A tale of two committees: board of directors splits in two then battles for IP rights
The US Court of Appeals for the Tenth Circuit has upheld a district court decision to consider new evidence and grant a preliminary injunction. However, the Tenth Circuit has held that the district court went too far by requiring the Spence Group to remove certain sculptures.
The appeal grew out of a dispute over a programme to train trial lawyers known as the Trial Lawyers College. The college’s board of directors splintered into two factions, the Spence Group and the Sloan Group. The two groups sued each other: the Spence Group in state court for dissolution of the college and a declaratory judgment recognising the Spence Group’s control of the board, the Sloan Group then sued in federal court, claiming trademark infringement under the Lanham Act. Both groups sought relief in the federal case, and the Sloan Group requested a preliminary injunction with regard to the trademark claims.
The district court granted a preliminary injunction, finding in part that the Sloan Group had shown irreparable injury. The Spence Group challenged this finding, the order to remove sculptures, restrictions on what the Spence Group can say and the consideration of evidence presented after the hearing had ended.

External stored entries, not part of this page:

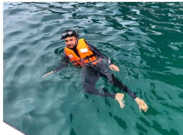
ออกเดินทางไปยังเกาะพีพีดอน
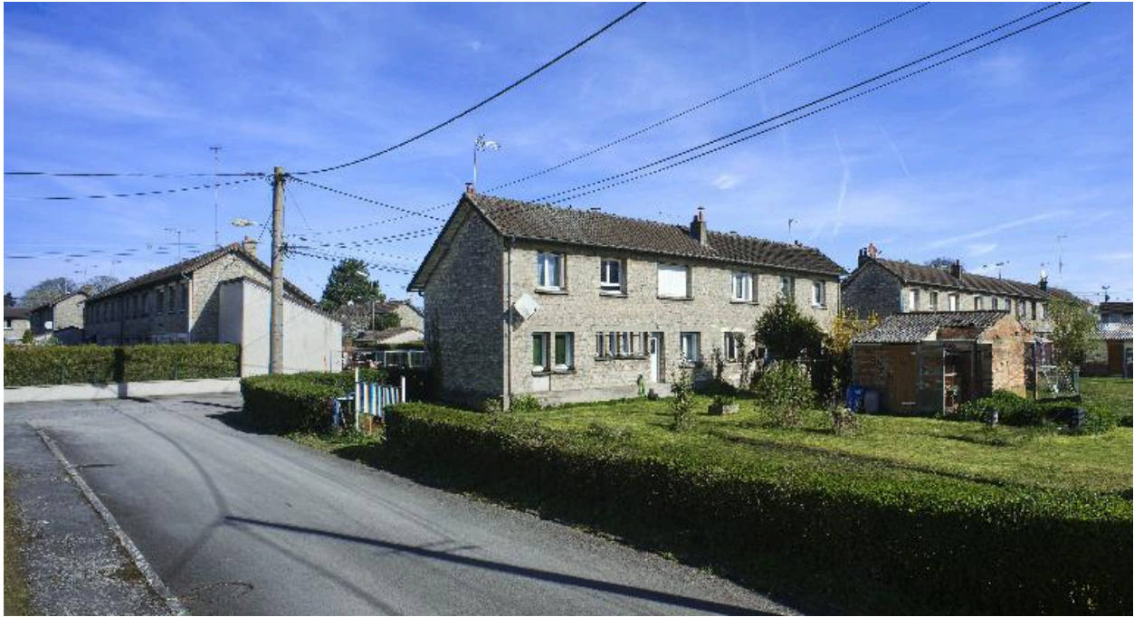
Maison à deux unités d'habitation (4-6, rue de Verdun). Vue des façades sur jardin depuis la rue du Maréchal Foch.
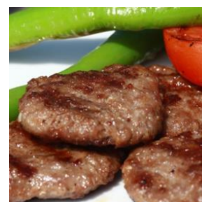
キョフテイメージ
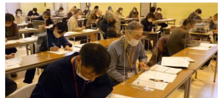
▲熱心に耳を傾ける参加者

また、感染症対策に十分配慮したなかで短時間のペアワークもを行い、アンケートでは「“体感したことがある”ということが今後の活動にとっても役立つと実感しました」「改めて認知症の人の気持ちが、ほんの少し理解できました」「根気よく、優しく対応する事が重要なことだと思いました」などの感想が寄せられました。
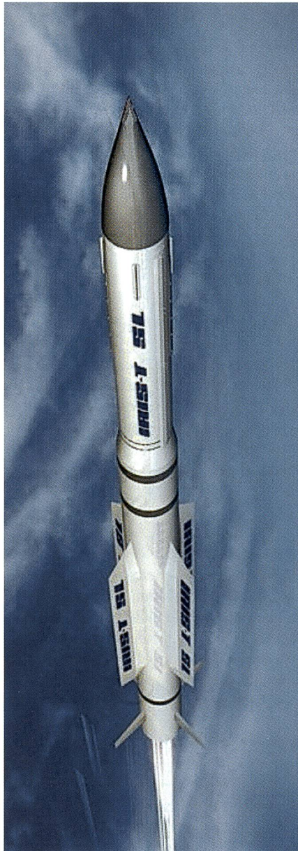
Die IRIS-T SL von Diehl, Überlingen.
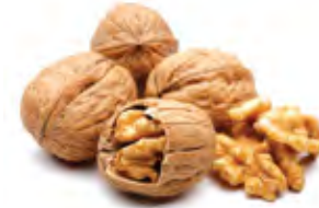
Walnut جوز Origin: U S A, China, Chile With shell & Kernel
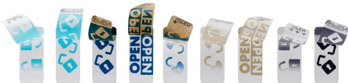
Abb. 3 - Farbvarianten, angepasst an Verpackungskarton und unterschiedliche VOID-Effekte

„Unsere neuesten Produkte lassen sich an jedes Corporate Design anpassen. Diese individuelle Gestaltungsmöglichkeit betrifft nicht nur die äußere Optik des Etiketts, sondern auch den Öffnungseffekt. Der sogenannte VOID-Effekt, der erst beim Ablösen des Etiketts sichtbar wird, kann individuell mit Logos oder Texten ausgestattet werden. Auf diese Weise wird nicht nur das Produkt umfassen geschützt, sondern auch ein eindrucksvoller Wow-Effekt beim Konsumenten erzielt“, erklärt Hr. Werner Horn.
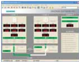
SENTRON SOFTWARE ATC

With regard to irreparable injury, the Tenth Circuit disagreed with the Sloan Group’s argument that courts should presume irreparable injury whenever a plaintiff establishes trademark infringement. While acknowledging that it sometimes referred to a presumption of irreparable injury in similar circumstances, the Tenth Circuit rejected this approach citing the Supreme Court’s 2006 decision in eBay. In this, the Supreme Court cautioned against categorical rules that would undermine the traditional four-part test for preliminary injunctions in cases involving intellectual property. The Tenth Circuit noted that after the district court had granted the preliminary injunction, Congress amended the Lanham Act to expressly allow a presumption of irreparable injury when the owner of a trademark proves likelihood of success on the merits. However, because no such presumption existed at the time of the decision, the court held that it could not presume irreparable injury.
The Spence Group argued that without a presumption, the Sloan Group did not prove irreparable injury; in response, the court held the opposite, finding that the evidence permitted a reasonable factfinder to infer irreparable injury. It also said that “[t]hough a rebuttable presumption didn’t exist, its underlying logic could bear on the existence of irreparable injury”. That logic involves difficulties, both in distinguishing between the services of the trademark owner and the services of a competitor, and quantifying the damage from consumer confusion. The court relied on the Sloan Group’s efforts to protect its name and logo as trademarks and evidence of likely confusion among customers of the college. The court pointed out the Spence Group’s use of Instagram for a post that incorporated the college’s logo and the hashtag #traillawyerscollege. The Tenth Circuit held that “[t]aken as a whole, the evidence provided reasonable support for the finding of a risk to the College’s reputation and goodwill”.
With regard to the preliminary injunction, the Tenth Circuit held that the district court did not abuse its discretion in finding irreparable harm.